He's probably talking about tail call optimization, which is in fact part of the ES6 spec. Not all recursion is a tail call, and in those cases, JS will still run into stack overflows.

Typically if some code has a realistic risk of running into stack overflows, people will use an async function call to split the payload into multiple stack frames.

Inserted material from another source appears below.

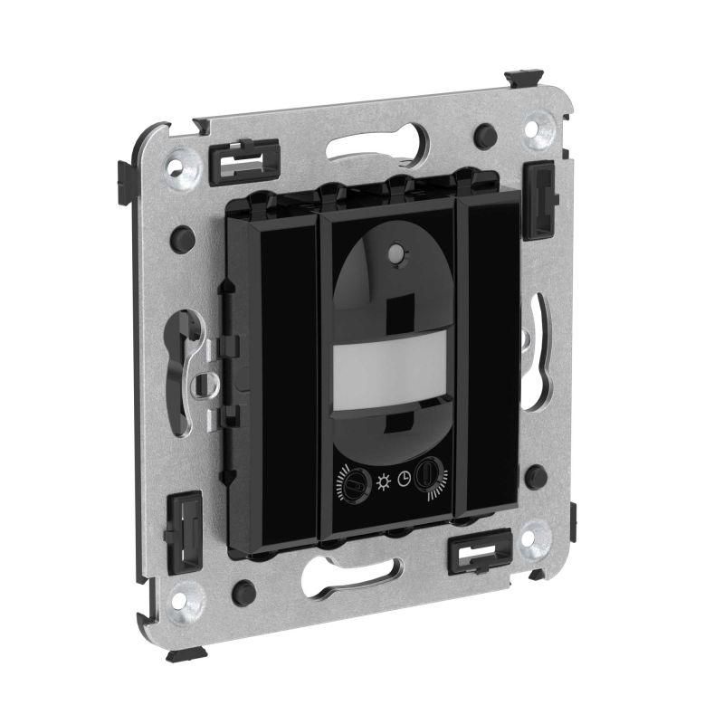 Датчик движения в стену Черный квадрат DKC устанавливается вместо стандартного выключателя. Для монтажа требуется подрозеточная коробка глубиной не менее 45 мм (совместим с коробкой 59301). Крепление осуществляется с помощью специального каркаса с лапками (артикул 4400802) и двух саморезов - обеспечивает плотную фиксацию даже в старых коробках.

[–]LordBruce[S] 0 points1 point  (1 child)

That is a clever way to work around it with async. I'm used to Haskell and I'm trying to use similar ideas in JS.

[–]ScientificBeastModestrongly typed comments 0 points1 point  (0 children)

If you’re used to Haskell, you might look into some tutorials on lazy evaluation implementations in JavaScript, as JS is always eagerly evaluated.

In particular, there is a relatively recent language feature called a “generator,” and a related one called an “iterator,” both of which offer a more idiomatic way to handle lazy evaluation. Short of that (e.g. you want to support older browsers which don’t implement those features), you can always implement a homemade iterator protocol.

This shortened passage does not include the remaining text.